Reputation: 27
UPDATE
*I have reinstalled tesseract into my 'program files (x86)' folder and now when I run tesseract --version
it responds with the version rather than saying it isn't recognized as a cmdlet
*
This seems to be a pretty common problem and have been trying different ways to make this program work. I know there are a lot of existing questions similar to mine but since none of the methods I have found work, I am hoping to get some fresh ideas. TIA
HERE IS THE EXACT ERROR MESSAGE:
"pytesseract.pytesseract.TesseractError: (1, 'Error opening data file C:\Program Files (x86)\Tesseract-OCR\tessdata/eng.traineddata Please make sure the TESSDATA_PREFIX environment variable is set to the parent directory of your "tessdata" directory. Failed loading language 'eng' Tesseract couldn't load any languages! Could not initialize tesseract.')"
AND HERE IS THE CODE I CURRENTLY AM USING:
from pdf2image import convert_from_path
import pytesseract
images = convert_from_path("CHECK_12-01-22.pdf", 500, poppler_path=r'C:\Program Files\poppler-23.01.0\Library\bin')
for i, image in enumerate(images):
fname = 'image' + str(i) + '.png'
image.save(fname, "PNG")
pytesseract.pytesseract.tesseract_cmd = r'C:\Program Files\Tesseract-OCR\tesseract.exe'
text = pytesseract.image_to_string(image, lang='eng')
# text = pytesseract.image_to_string(image, lang='eng', config='--tessdata-dir "C:\\Program Files\\Tesseract-OCR\\tessdata"')
I am using Windows 11 and PyCharm.
I have Poppler working, that converts my PDF to Images but when I try to run Tesseract, it says there aren't any languages found. I have tried a few different methods to get it working. First my Environment Variables are set. image of environment variable path
Then I tried using config in my code.
text = pytesseract.image_to_string(image, lang='eng', config='--tessdata-dir "C:\\Program Files\\Tesseract-OCR\\tessdata"')
which also didn't work. I've downloaded different language data files and put them in the tessdata folder to no avail.
Upvotes: 2
Views: 2390
Reputation: 27
Here is the solution I was able to find
tessdata_dir_config = "--tessdata-dir 'C:\\Program Files (x86)\\Tesseract-OCR\\tessdata\\"
pytesseract.pytesseract.tesseract_cmd = r'C:\Program Files (x86)\Tesseract-OCR\tesseract.exe'
text = pytesseract.image_to_string(image, lang='eng', config=tessdata_dir_config)`
I initially was using an x32 bit version while I have a 64 bit operating system so I uninstalled Tessract-OCR and found the x86 bit version and reinstalled that to my program files (x86) folder.
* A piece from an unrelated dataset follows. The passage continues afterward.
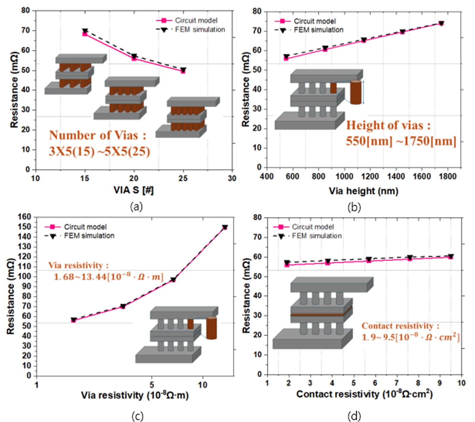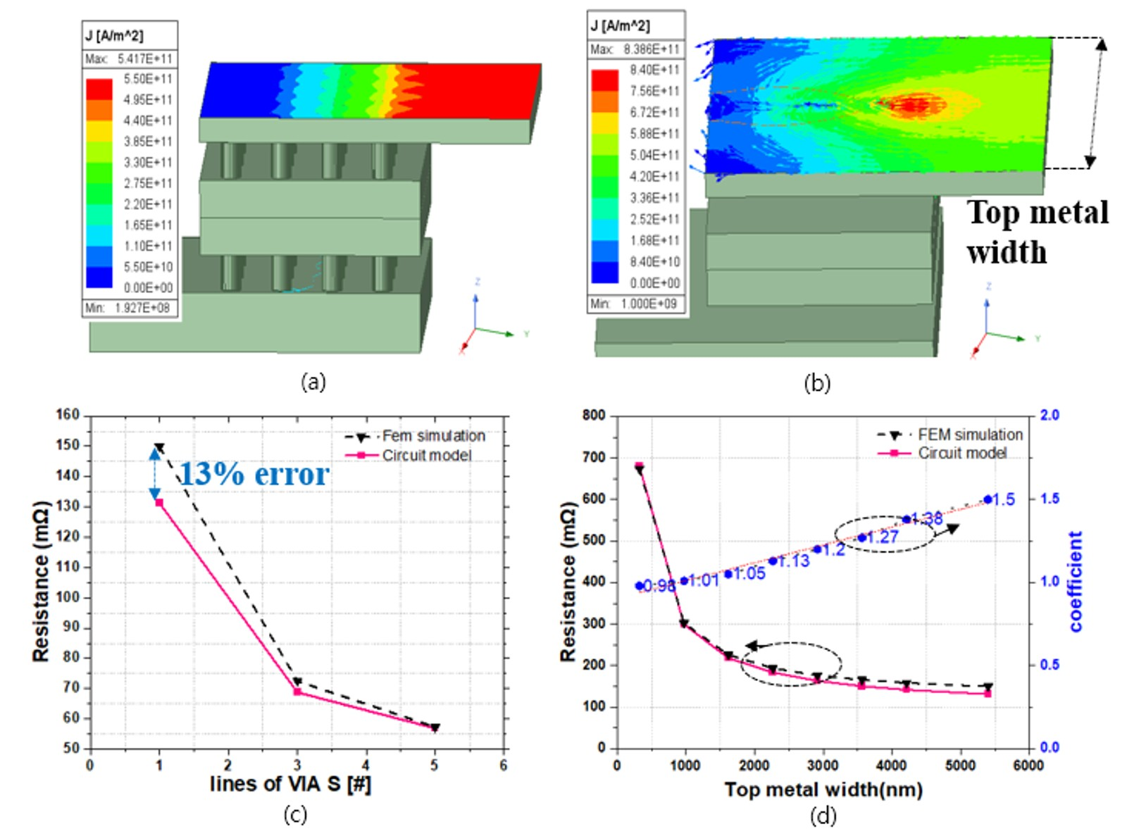 layer. This modification accurately reflects the FEM simulation result in Fig. 2(b), where current density is lowest in the leftmost via and highest in the via closest

I had to point to the tessdata before calling the tesseract_cmd. I made the path into a variable that I was able to use as an argument while converting the image to text.
Upvotes: 0
Reputation: 3476
Have you set the system environment variable right? Check with the command:
echo $TESSDATA_PREFIX
In my environment the system variable is under:
you should see in this directory the eng files:
Upvotes: 0
Reputation: 11850
When starting a tesseract application the tessdata folder needs to be correctly found by tesseract.exe
There are many ways to do that so in a batch file I may use for a specific case such as MuPDF the first command line in a batch as
set TESSDATA_PREFIX=C:\Apps\PDF\mupdf\mupdf-1.21.0-windows-tesseract\mupdf-1.21.0-windows-tesseract\tessdata
OR I may have a prior fall-back pre set in user environment where I have a copy of eng.traineddata 22.4 MB 17/01/2023, 01:16:15
but to get that to stick for use both now (and in future) it sometimes needs log-out log-in to be used by the next command shell.
So in the above case on windows 10 I did NOT need to logout its available for fresh command shells, but beware shells started before that change, like some file commanders, that need stopping and re-starting.
Upvotes: 1